Beliau juga menekankan pentingnya profesionalitas, kejujuran, dan tanggung jawab para petugas. Di sisi lain, masyarakat dan pelaku usaha diimbau untuk memberikan informasi yang sebenar-benarnya agar potret yang dihasilkan sesuai dengan realitas di lapangan.
“Kami mendorong adanya kolaborasi kuat antara BPS, pemerintah daerah, dan seluruh pemangku kepentingan. Salah satunya melalui sistem monitoring berbasis dashboard secara real-time guna memastikan kualitas data tetap terjaga,” tambahnya.
Menangkap Dinamika Ekonomi Digital
Sementara itu, Kepala BPS Kabupaten Pemalang, Teguh Santoso, selaku Ketua Penyelenggara menjelaskan bahwa SE 2026 akan berlangsung selama kurang lebih dua setengah bulan, tepatnya mulai 15 Juni hingga 31 Agustus 2026.

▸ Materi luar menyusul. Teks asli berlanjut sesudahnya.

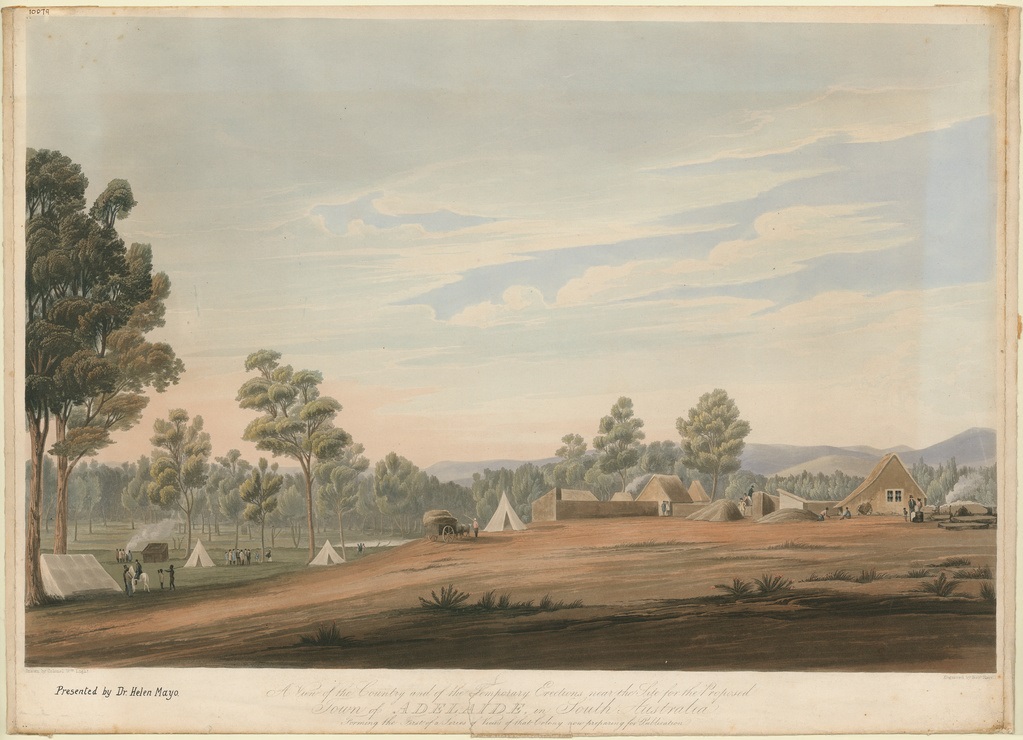 Stamp area: A view of the country and of the temporary erections near the site of the proposed town of Adelaide, William Light, National Library of Australia.

Menurut Teguh, sensus dekadean (10 tahun sekali) ini menjadi momentum penting untuk memperkuat basis data ekonomi nasional. Ada banyak perubahan signifikan yang terjadi sejak sensus terakhir pada tahun 2016 lalu, seperti pesatnya perkembangan teknologi, menjamurnya bisnis digital, hingga pergeseran pola konsumsi masyarakat.
“Melalui Sensus Ekonomi 2026, kita ingin menangkap seluruh dinamika tersebut secara lebih komprehensif dan akurat sebagai dasar kebijakan pembangunan ke depan,” jelas Teguh.
Kesiapan SDM Berkelas
Sebagai gambaran skala pertumbuhan, Teguh memaparkan bahwa jumlah usaha di Indonesia melonjak tajam dari sekitar 9 juta usaha pada tahun 1986 menjadi sekitar 26 juta usaha pada tahun 2016. SE 2026 diproyeksikan akan merekam angka pertumbuhan yang jauh lebih besar.
Untuk menghadapi tantangan tersebut, BPS Pemalang telah menyiagakan sekitar 1.250 petugas yang didominasi oleh lulusan S1/D4, serta melibatkan akademisi, dosen, dan mahasiswa. Mereka akan bekerja dalam 143 tim dengan formasi terstruktur (satu pengawas membawahi tujuh petugas).
Melalui kombinasi SDM yang berkualitas, adopsi teknologi mutakhir, dan dukungan penuh dari seluruh elemen masyarakat, Sensus Ekonomi 2026 diharapkan mampu menjadi kiblat data yang akurat demi melahirkan kebijakan ekonomi yang lebih tepat sasaran.